Based on the short story: The Fall of the House of Usher by Edgar Allan Poe, this suspenseful thriller is full of surprises and likely to keep the viewer guessing until the end.
Morgan Segal (Merritt) and Roderick Usher (Tupy) are two young college students who are in love with each other. When Roderick returns to his home to be with his ill father, Morgan decides to follow him there unannounced and against Roderick's wishes. Once she arrives at the Usher's enormous mansion, she discovers that things there are...unusual. The property has very limited lighting and the people there, along with Roderick are wearing clothing that appears to belong to a previous century. She then meets her boyfriend's mother (Santiago), who is strict, mean, dominative and appears to be the one in charge here. From then on things go from awkward to extremely weird and sinister!
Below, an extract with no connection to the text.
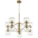 Luxurious and stunning, the modern Helios chandelier is characterized by its perfectly angled, aged brass frame and its dual, up-light/down-light sockets. With bulbs neatly housed in clear, ribbed glass orb shades for an added touch of whimsy. The overall composition is futuristic and leans mid-century modern in its styling. This striking luminary comes together harmoniously in its eye-catching geometry and luxury appeal. Hang it over any dining room table, in any entryway foyer, or living room space as a captivating and functional centerpiece.

Adams has done a great job in creating suspense. The audience will become intrigued with solving the mystery of the Usher family. As the plot moves forward, there is one revelation after another, making the viewer pick up the clues along the way in order to make sense of the situations.
Santiago is the one who steals the show in every scene that she is in. She is an intelligent, strong, sarcastic, manipulative individual, who is strict with manners and will not let anyone argue with her. She truly is a menacing antagonist. And poor Tupy is the unfortunate son who is weak and under her control. Merritt is sympathetic as the well-meaning girlfriend who cares about Roderick and wants to save him from his mother.
It should be mentioned that there is plenty of sexual content and some nudity. Just to warn the ones who are offended by it.
The film almost feels like a ''haunted house horror movie'', by having the heroine exploring a large, dark house that is filled with secrets and mysterious individuals. And Michael Gordon Shapiro's suspenseful and creepy score certainly gives the film a spooky atmosphere.
Additional recognition should be given to the costumes. They are well designed and their presence helps indicate that this is no ordinary household.
However, there is a sequence that does not seem to support the film. That would be the scene that is shown during the closing credits. It resembles a music video and to be fair, sounds and looks great. Unfortunately it just appears random and maybe should not be there.
That aside, if one is in the mood for a weird tale and likes surprises, then Lady Usher is definitely worth checking out.